*Work task:*
Give back every record below word for word, with the pictures omitted.

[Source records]
-- Opening Marker --

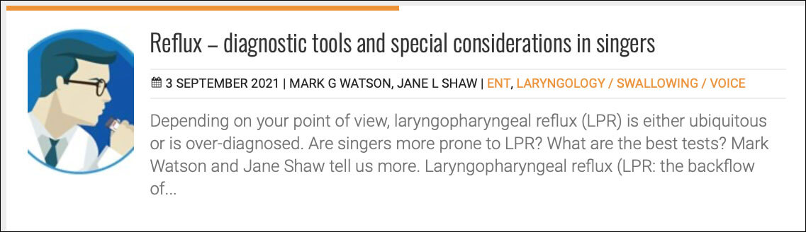 Perhaps I should point out some obvious differences between your routine dysphonia patient and the international soprano with mounting concern over a perceived change in her voice and the catastrophising that occasionally comes with it? With so many aspects that need to be considered when treating singers, and especially those that make their living from their voice, I will simply start with this: treating the professional singer can be interesting.
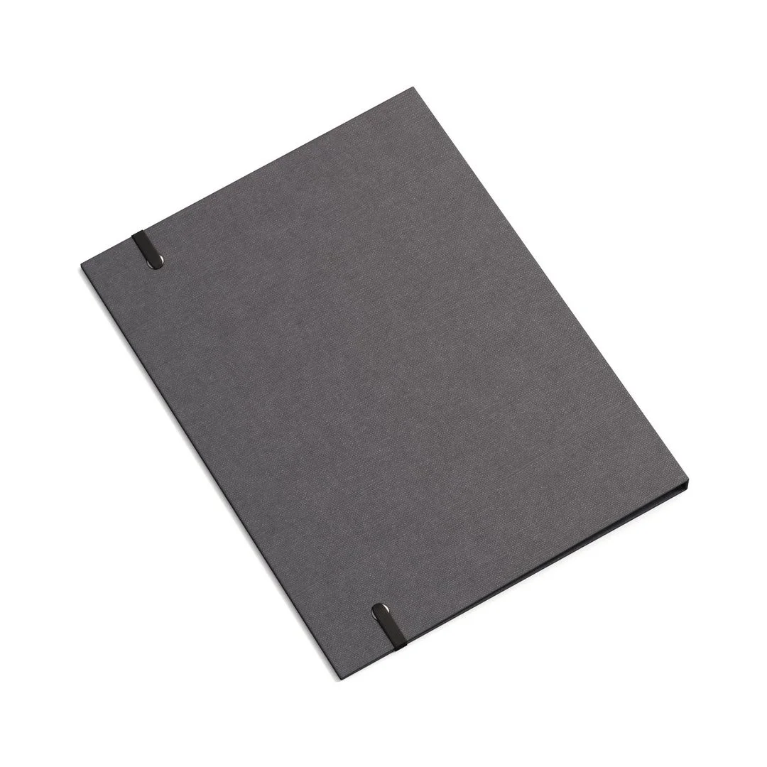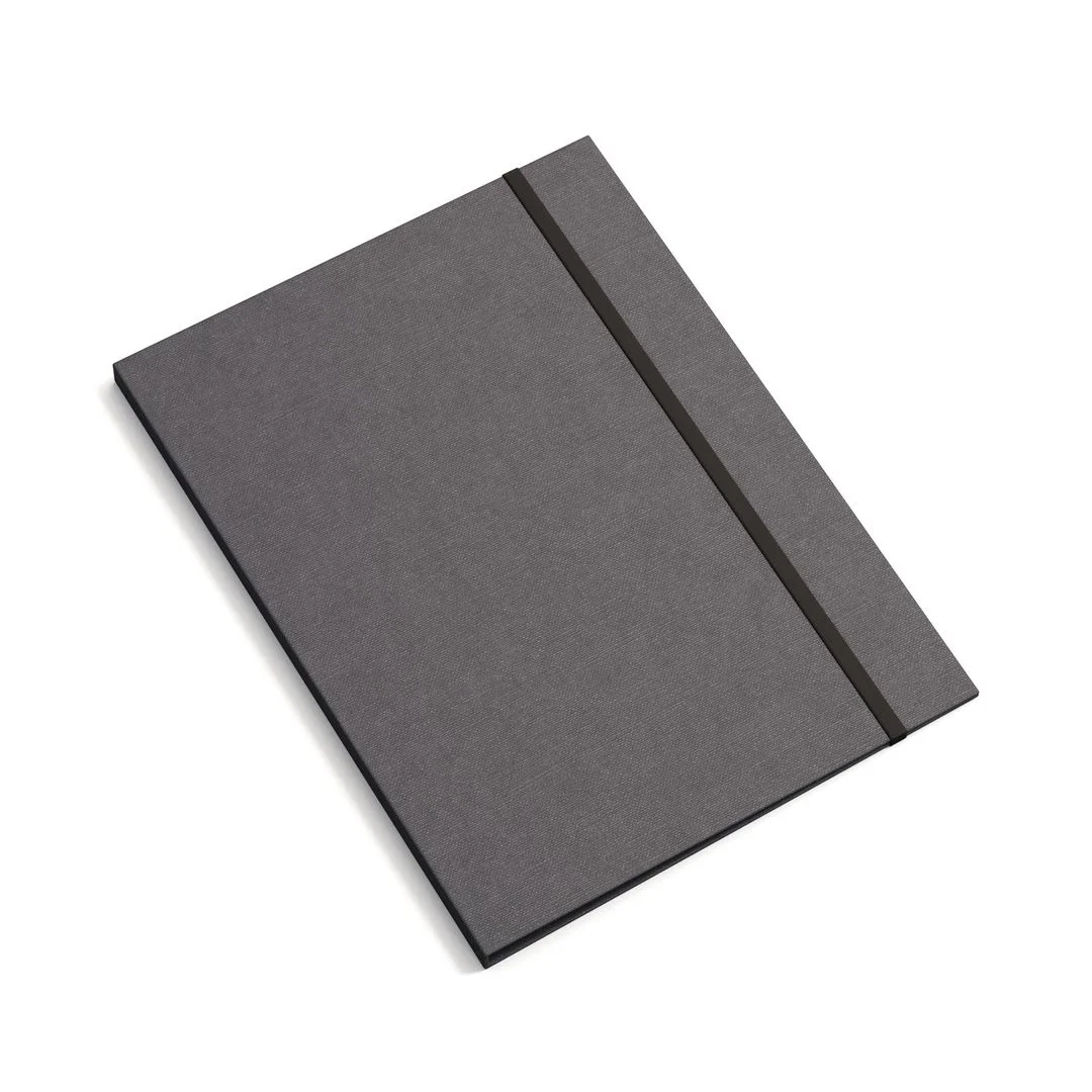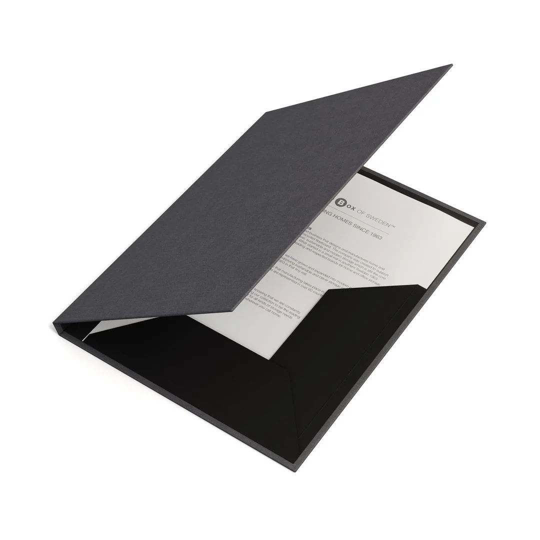 To lommer inni sikrer at papirene holder seg på plass, og strikken holder mappen lukket.
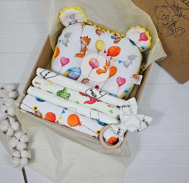 Набір пелюшок для новонароджених a.l.babybox Лисички на кульках Жовтний №2
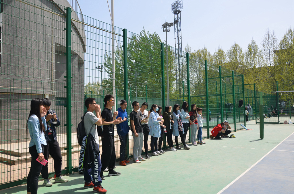 除了场上队员们出色的表现之外,场外由商院体育部组织的啦啦队也随着场上队员的精彩接球而欢呼,为商院女排呐喊,“商院加油”的口号响彻球场。
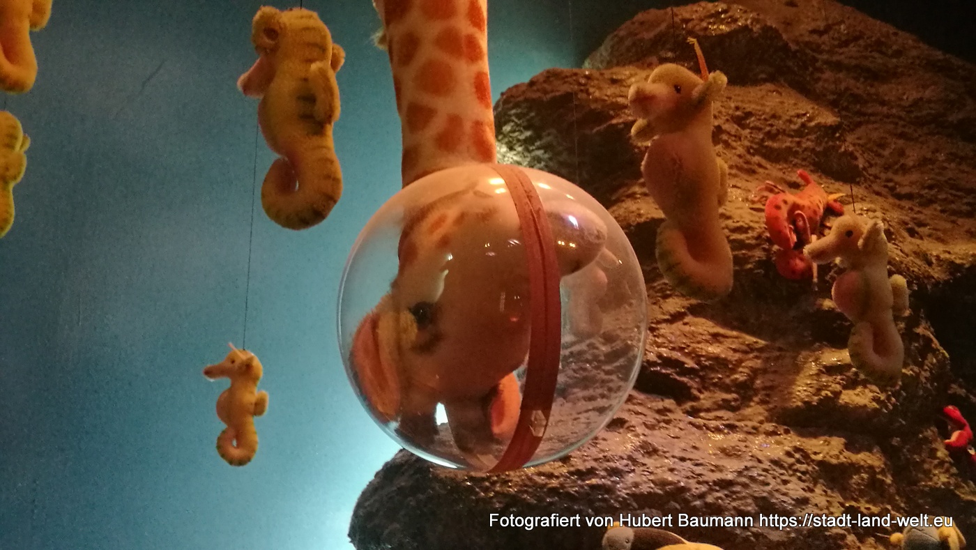 Unser Weg im Steiff-Museum führte uns zunächst in einem kleinen Raum los, in dem uns in wenigen Worten die Steiff-Geschichte präsentiert wurde. Danach ging es auch schon in die Teddybären-Werkstatt, wo der Teddybär Knopf und seine Freundin Frieda bereits auf uns warteten. In einer aufwendigen Animation schickte man uns in einem offenen Aufzug über mehrere Stockwerke auf Weltreise um die Teddybären zu suchen.
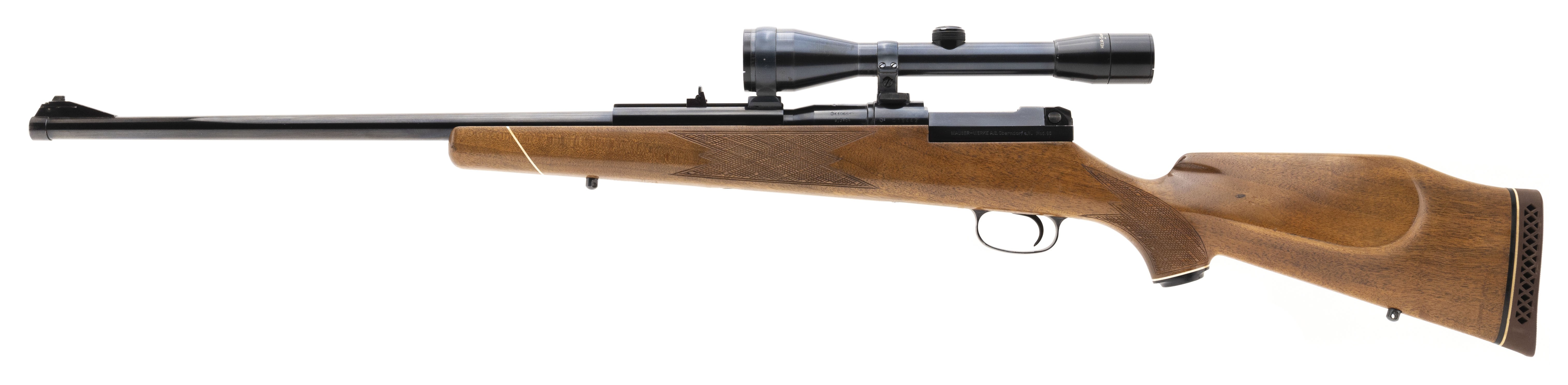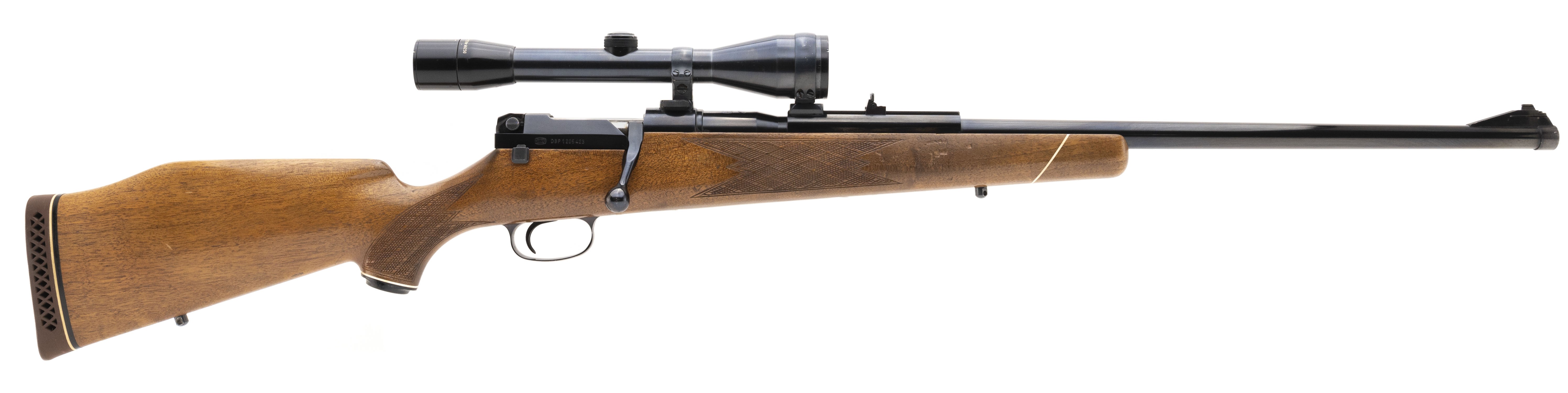 W. German made bolt action sporter in scarce 9.3x64 caliber. Has a Kahles 6X scope on claw mounts. The metal is about excellent and the wood has some marks from hunting. A nice setup.

-- Closing Marker --

*Solution for this exercise:*
 Perhaps I should point out some obvious differences between your routine dysphonia patient and the international soprano with mounting concern over a perceived change in her voice and the catastrophising that occasionally comes with it? With so many aspects that need to be considered when treating singers, and especially those that make their living from their voice, I will simply start with this: treating the professional singer can be interesting.
 To lommer inni sikrer at papirene holder seg på plass, og strikken holder mappen lukket.
 Набір пелюшок для новонароджених a.l.babybox Лисички на кульках Жовтний №2
 除了场上队员们出色的表现之外,场外由商院体育部组织的啦啦队也随着场上队员的精彩接球而欢呼,为商院女排呐喊,“商院加油”的口号响彻球场。
 Unser Weg im Steiff-Museum führte uns zunächst in einem kleinen Raum los, in dem uns in wenigen Worten die Steiff-Geschichte präsentiert wurde. Danach ging es auch schon in die Teddybären-Werkstatt, wo der Teddybär Knopf und seine Freundin Frieda bereits auf uns warteten. In einer aufwendigen Animation schickte man uns in einem offenen Aufzug über mehrere Stockwerke auf Weltreise um die Teddybären zu suchen.
 W. German made bolt action sporter in scarce 9.3x64 caliber. Has a Kahles 6X scope on claw mounts. The metal is about excellent and the wood has some marks from hunting. A nice setup.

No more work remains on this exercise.